This Week's Key Events: Housing Data and Retail Earnings on Deck
Schaeffer's Editorial Staff

Here is a brief list of some of the key events this week. All earnings dates listed below are tentative and subject to change. Please check with each company's respective website for official reporting dates.

Monday

The week begins with the release of the Empire State manufacturing index for May. On the earnings front, retailers J.C. Penney (JCP), Lowe's (LOW), and Urban Outfitters (URBN) will reveal their quarterly results.

Tuesday

On Tuesday, we'll hear about new home starts, industrial production, and capacity utilization for April.

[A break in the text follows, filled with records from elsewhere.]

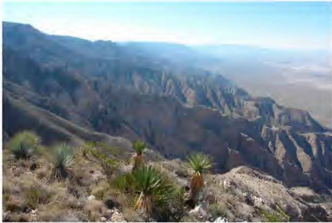
Fig. 4. Type locality of G. c. mikemoorei .
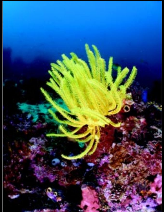
Crinoid starfish Mios Kon, Kri Island
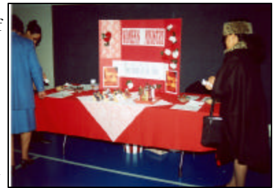
Women’s Ministry Recruits. The ministry sponsored a booth at the recent Mount Ephraim ministry fair.

We look forward to more interesting offerings from the Women’s Ministry in 2005.
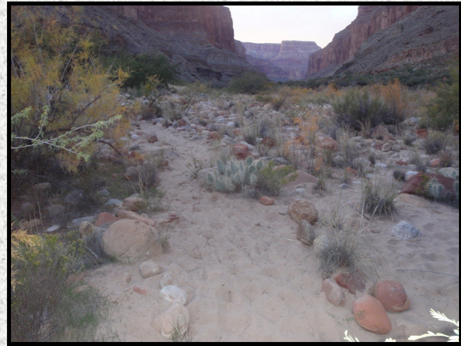
Post-work, November 2010. Trail leading to drainage from upstream end of camp.
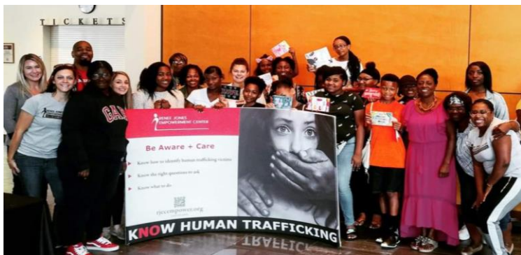
Renee Jones Empowerment Teen Summit conference planned and implemented by the youth ambassadors for teen awareness.

To learn more, visit www.rjecempower.org or on Facebook (Renee Jones Empowerment Center) to see upcoming events and more.
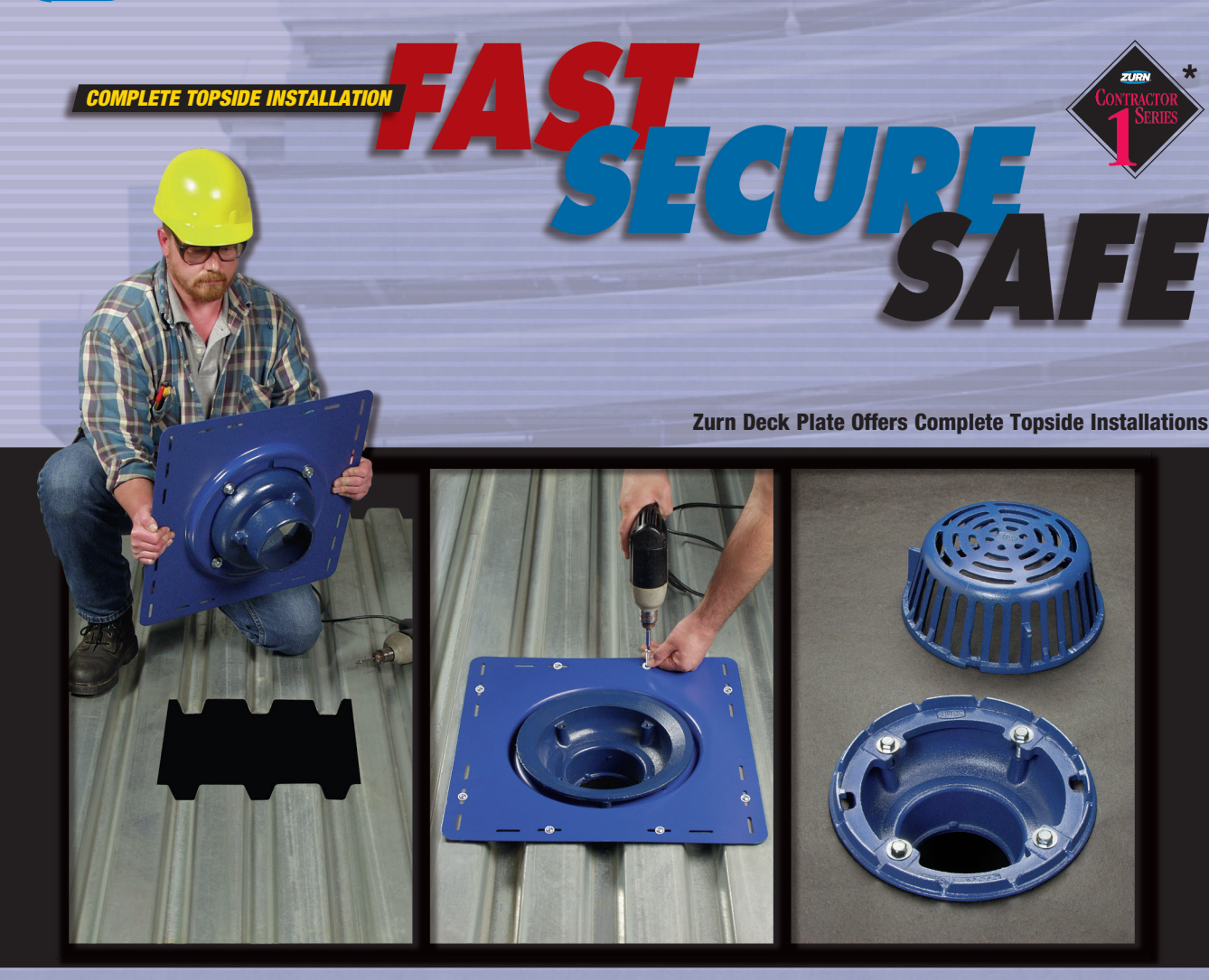
Preassemble Drain Body To Deck Plate
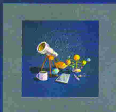
VIDYARTHI VIGYAN MANTHAN
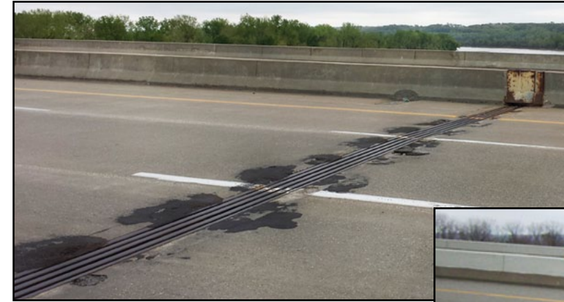
Before and after photos of the bridge expansion joints on the southbound I-435 bridge show a few of the improvements on the bridges since the project began in April.

Earnings are due out from a few heavy-hitters, including Dell (DELL), Home Depot (HD), Saks (SKS), and Wal-Mart Stores (WMT).

Wednesday

Wednesday features the regularly scheduled update on domestic petroleum supplies, as well as the minutes from the latest meeting of the Federal Open Market Committee (FOMC). The day's earnings calendar includes reports from Deere & Co. (DE), Hewlett-Packard (HPQ), Pan American Silver (PAAS), Staples (SPLS), and Target (TGT).

Thursday


The economic calendar wraps up early on Thursday, with a flurry of data on the docket. Traders will hear the weekly report on jobless claims, the Philly Fed index for May, April's existing home sales, and the Conference Board's index of leading economic indicators. Retailers and tech issues will share the earnings spotlight, with reports due out from Autodesk (ADSK), Dollar Tree (DLTR), GameStop (GME), Salesforce.com (CRM), Sears Holdings (SHLD), and Williams-Sonoma (WSM).

Friday

The economic calendar is bare on expiration Friday. Camelot Information Systems (CIS), Donaldson (DCI), and Yingli Green Energy (YGE) will round out the week's slate of earnings reports.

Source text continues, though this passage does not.